You and your student exchange a look. Your child pipes up, “Mr. Drumfp, the answer to both those equations are four.”

Vehemently, Mr. Drumfp shakes his head, “You’re wrong” he barks, “false”. Your kid looks at you confused.

Mr. Drumfp adds science isn’t a thing  and that won’t be on the agenda for your student. At this point, he’s beaming with excitement. He’s is obviously eager to teach your impressionable child this alternative way of thinking.

He goes on to explain he’s building a wall around the playground to ensure no other students from other schools will be able to play on the best playground, “The absolute most amazing playground you’ll ever see. Its’ huge, it’s magnificent.” He suggests another school is going to pay for the wall, “Well, the tax payers will pay for it first, then the other school will reimburse us for it once it’s built,” he explains.

Mr. Drumfp adds keeping an all-white student body will keep your child safe, “And none of that LGBTQ crap,” he declares, “only straight, white, Christian students will be attending your student’s new class.”

His smile is condescending. As you exit the classroom he is still comforting you, and in your mind, you think there must be something redeeming about him if the school hired him. He pats your butt as you leave and makes a flattering comment regarding your breasts.

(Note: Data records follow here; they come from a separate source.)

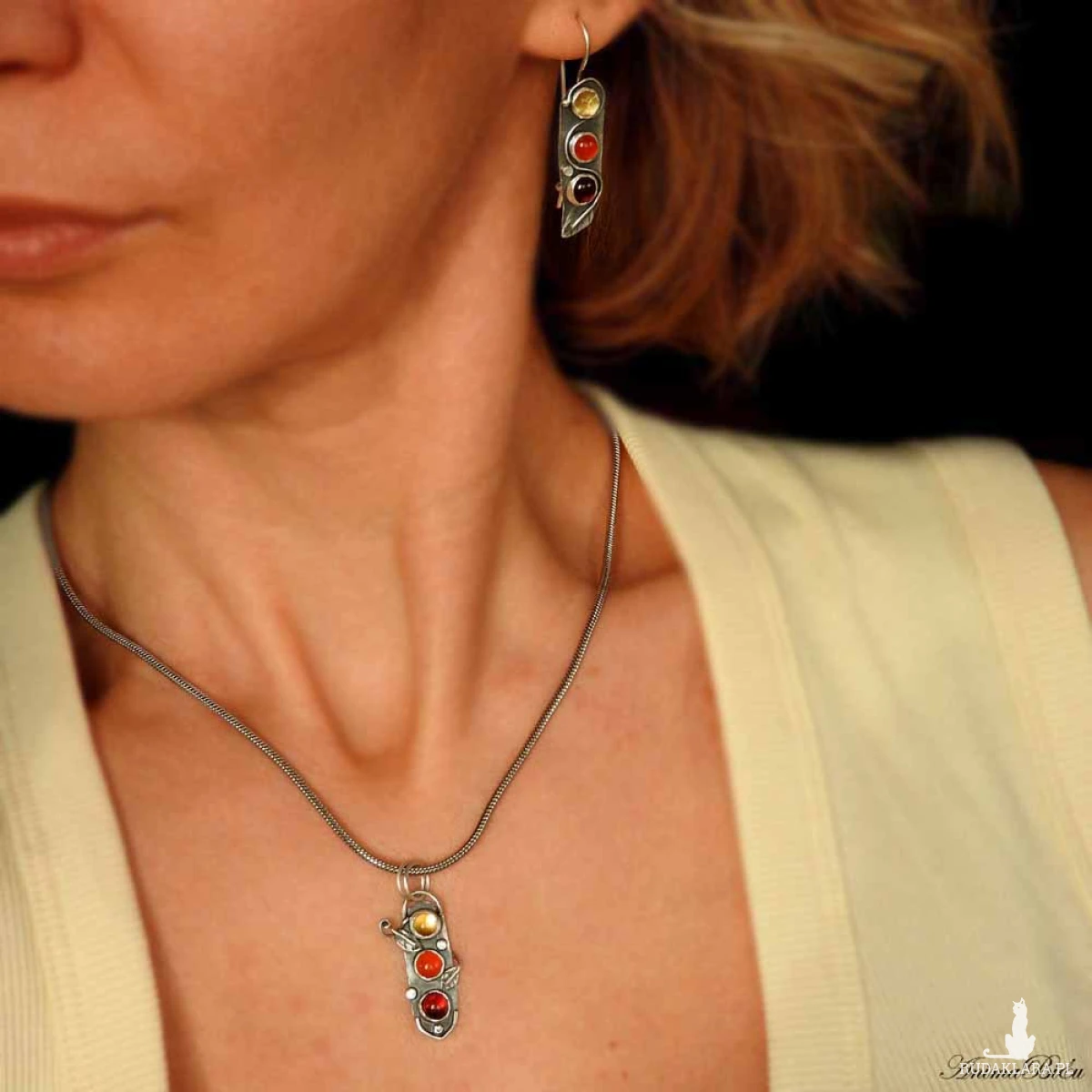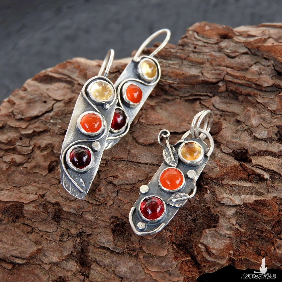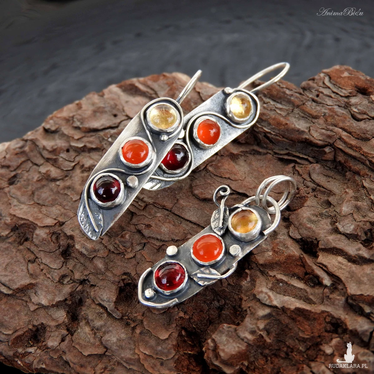 Komplet srebrny z minerałami. Ten komplet, na który składają
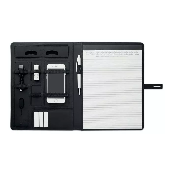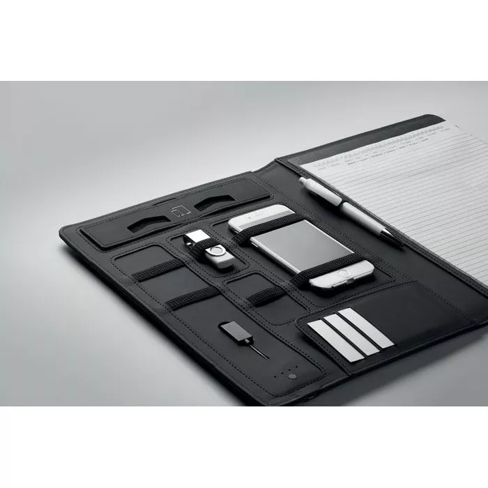 Конференц папка A4 с тканевой отделкой на застежке. Внутри беспроводная зарядка DC5V / 1A и аккумулятор 4000 мАч. В комплекте микро-USB с разъемом тип C. Есть блокнот для записей на 20 стр. Множество кармашков.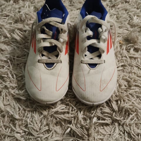 Neljä kuukautta käytössä olleet lasten futsal-kengät.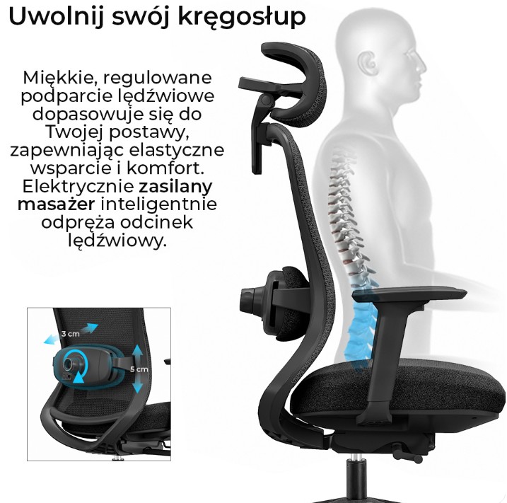Wibrujące podparcie lędźwi zmniejsza napięcie mięśni po długim siedzeniu, wspiera mikrokrążenie i pomaga odciążyć dolny odcinek pleców. Sprawdza się w trakcie krótkich przerw, w końcówce dnia lub po intensywnych zadaniach wymagających skupienia.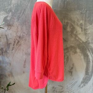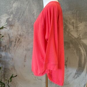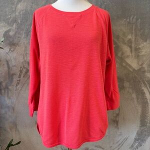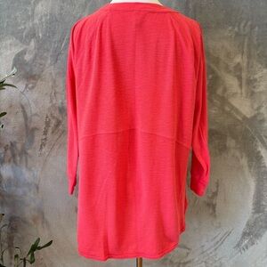 This Calvin Klein Performance top features a vibrant coral pink and a relaxed, boxy fit. Designed with 3/4 sleeves, it offers a comfortable and stylish option for casual wear.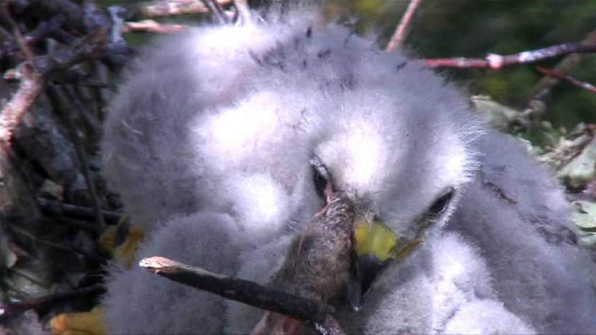 Chris Packham and Kate Humble explain how a buzzard chick has a digestive tract adapted to cope with awkward food. Watch one battling to eat a rabbit leg.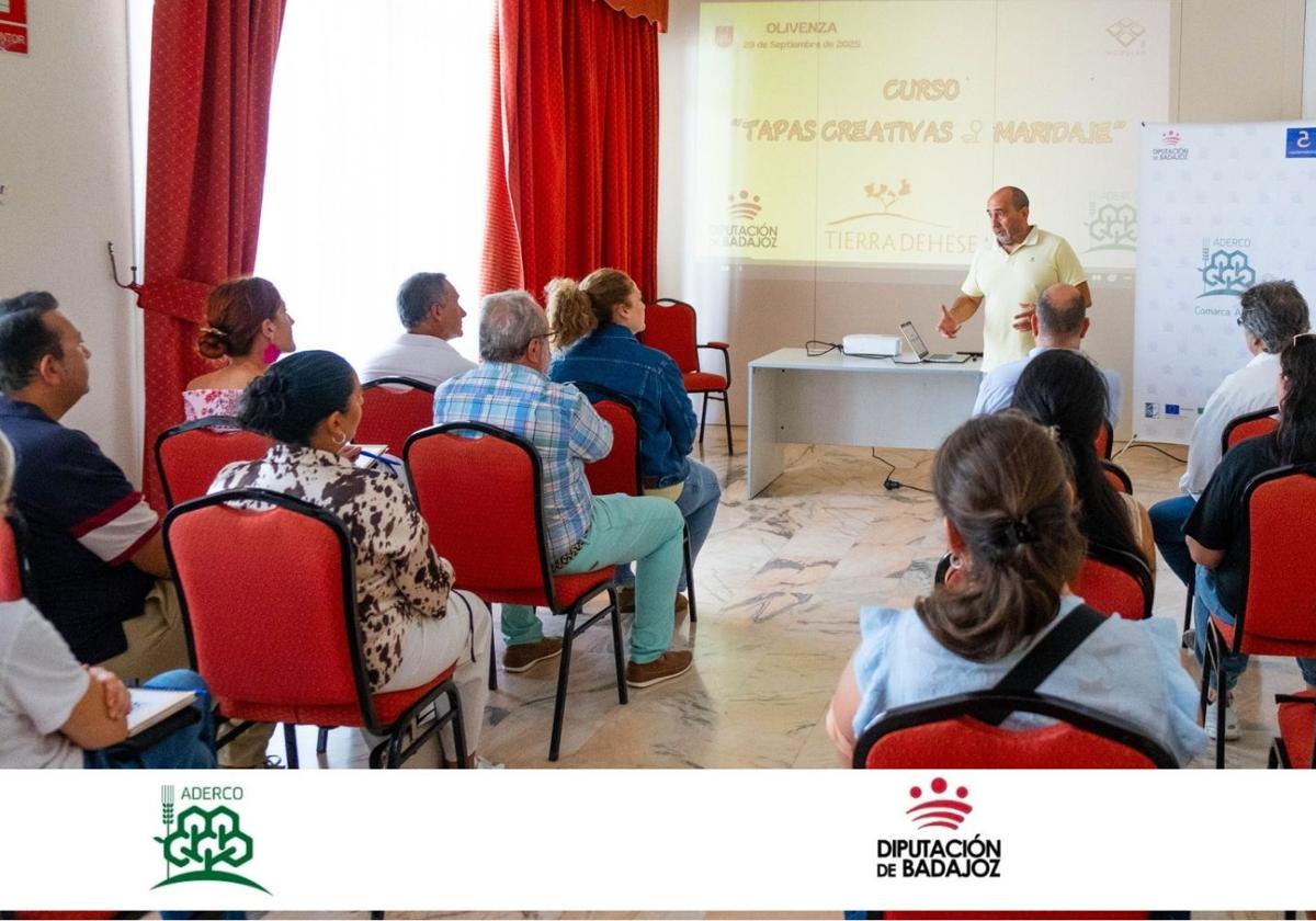 El pasado lunes 29 de septiembre tuvo lugar la inauguración del curso de 'Tapas y Maridaje' en el Hotel Herederos de Olivenza. Esta iniciativa refuerza la apuesta por la formación y el desarrollo del sector gastronómico en la Comarca.

So now what? Do you explain to your son or daughter, “honey, you have to go to school for twelve whole years, and you only have to have Mr. Drumfp for one year. You’ll survive.” OR to you realize your child’s potential if they can just get the right guidance and accurate information in a loving and safe environment? You don’t hate Mr. Drumfp, you just want what’s in your kid’s best interest. You want his or her teacher to have some education behind them, perhaps a little experience in teaching. Why?  Because you love your child.

It’s not about hating Mr. Trump. It’s about wanting the right person for the job; a competent, compassionate and literate leader. I know my country’s potential. I know it’s smart, caring and knows right from wrong. It’s about doing what’s in the best interest for a country you’ve loved your whole life. No, I don’t want Mr. Drumfp teaching my kid and I don’t want Mr. Trump ruining my country. So far, in less than a month, his ratings are lower than any other president in history. Everyday it’s something that’s definitely not great, definitely not in the best interest of the middle class. Please America… care.